Exercise brief –
Check each line of the records below and collect those holding "برنامج".

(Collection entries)
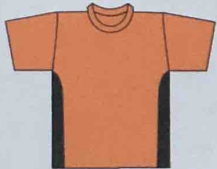
T-Shirt Rundhals 5577702 T-Shirt Paspelhals 5577802
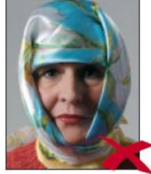
Yüzünde Gölge Var
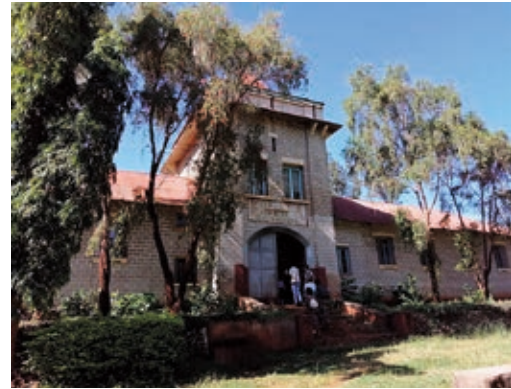
Militärbaracken aus der Kolonialzeit

www.facebook.com/msituwatembo www.t1p.de/helene-lange-schule
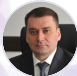
Алексей Гусев Министр торговли и услуг Республики Башкортостан
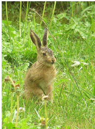
Lièvre Auteur : Jérôme Blondel
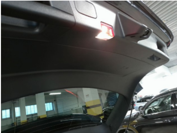
Abbildung 15: Siehe Pos.14
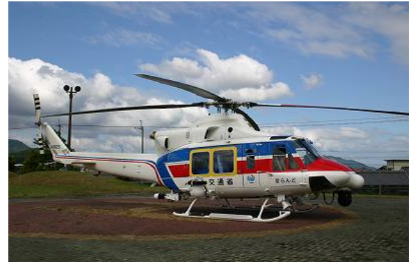
災害対策用ヘリコプター

災害が発生したときは、地域で協力していくことが大切です。この日の経験を生かし、みんなで防災の意識をたかめていきましょう。
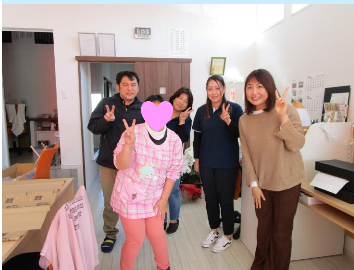
ななーらミラクルにて
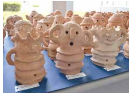
焼きあがった作品
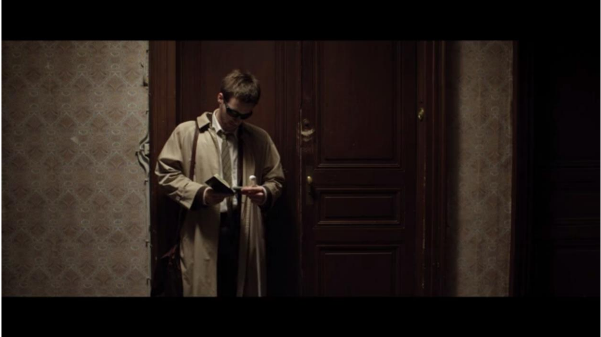
Fig. 12 – L'Accordeur , 06:56

...et même jusqu'à relever ses lunettes noires, sur le palier à l'éclairage blafard, pour s'assurer qu'il sonne à la bonne porte en inspectant le nom sur la sonnette :
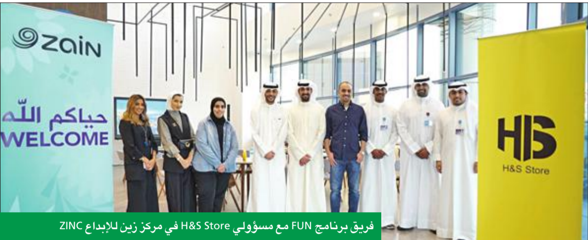
فريق برنامج FUN مع مسؤولي H&amp;S Store في مركز زين للإبداع ZINC

ينظمه برنامج شبكة شباب زين FUN في موسم العطلة
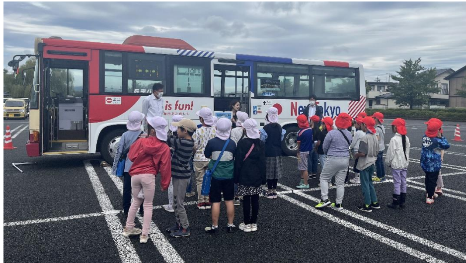
バス乗り方教室の様子

Answer to this problem –
فريق برنامج FUN مع مسؤولي H&amp;S Store في مركز زين للإبداع ZINC
ينظمه برنامج شبكة شباب زين FUN في موسم العطلة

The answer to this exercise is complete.